This separates the foreign-table sync (every 5 minutes, full scan) from the stream table refresh (every 5 seconds, trigger-based delta). The stream table gets fast incremental maintenance; the foreign data sync happens on a longer cadence.

---

## Summary

Foreign tables work as stream table sources with polling-based change detection. Every refresh cycle requires a full scan of the foreign table to detect changes. This is inherently slower than trigger-based CDC but enables IVM over data that lives outside PostgreSQL.

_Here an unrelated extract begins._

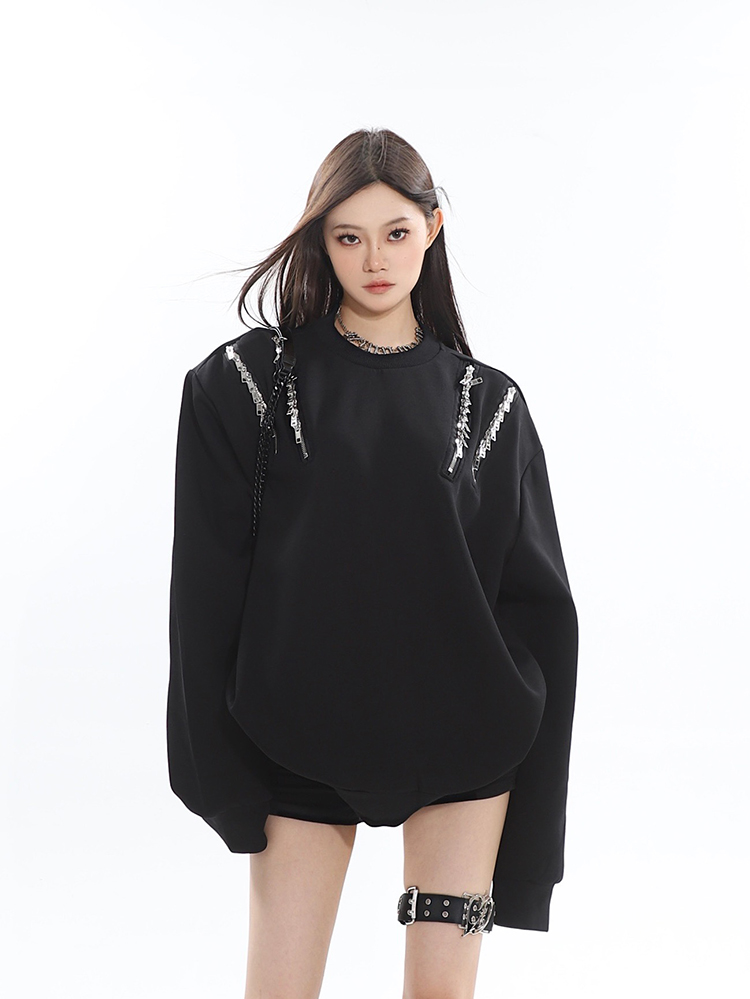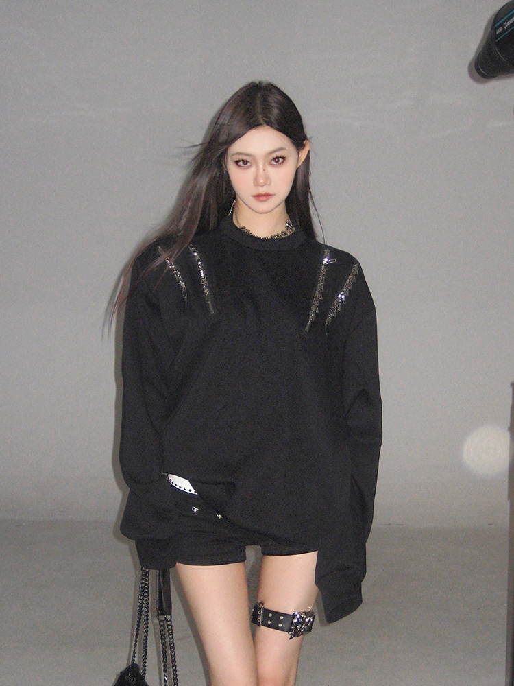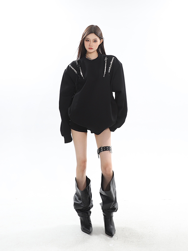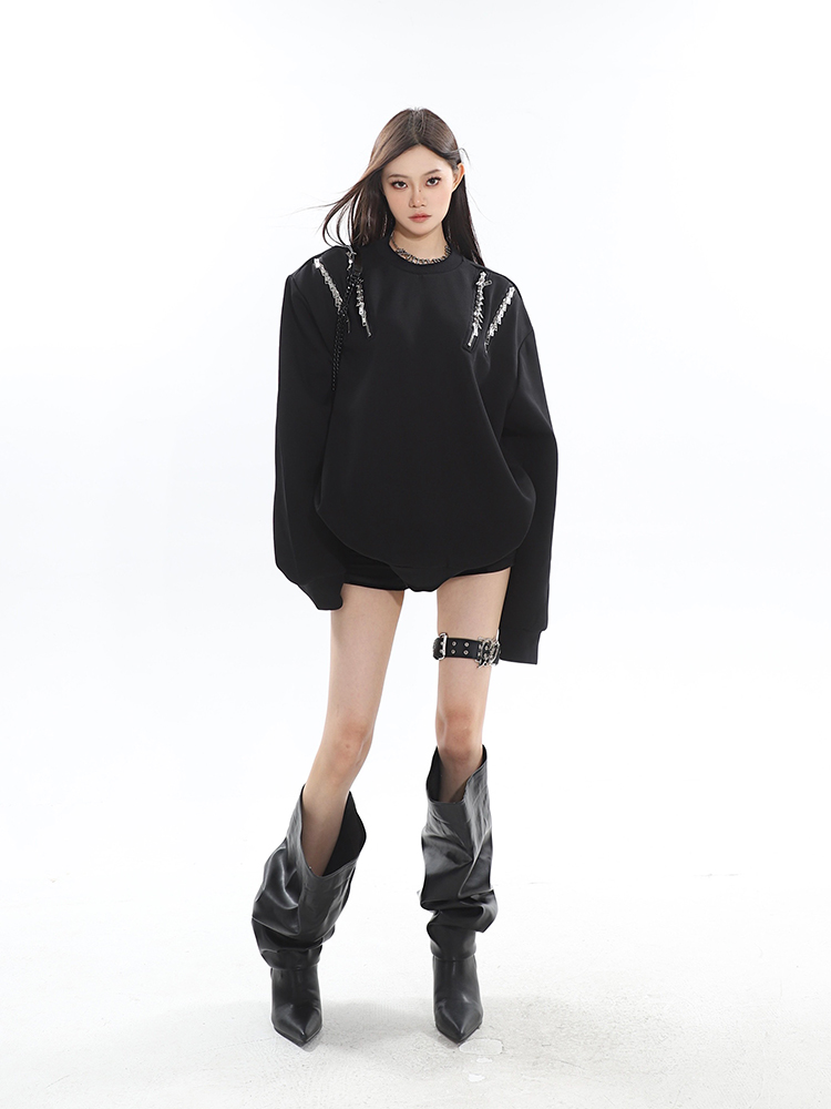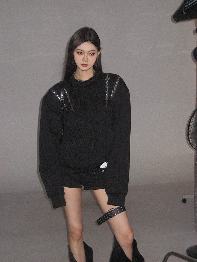 CCUP SAPCE 秋冬新款2023小眾金屬裝飾上衣設計感廓形寬鬆衛衣女

Use foreign tables directly when:
- The foreign table is small (<100K rows)
- The refresh schedule is long enough to amortize the scan cost
- Simplicity matters more than optimal performance

Materialize into a local table first when:
- The foreign table is large
- You need sub-second refresh latency
- The foreign table changes infrequently relative to local tables

Either way, pg_trickle handles the rest. Foreign or local, the delta rules are the same.

---

## DuckLake Sources

[DuckLake](https://ducklake.select/) (v1.0, April 2026) is a lakehouse format
that stores its entire catalog in PostgreSQL. When you run DuckLake on the same
PostgreSQL instance as pg_trickle, DuckLake tables become a first-class source
for stream tables.

### The Bridge-Table Pattern (Works Today)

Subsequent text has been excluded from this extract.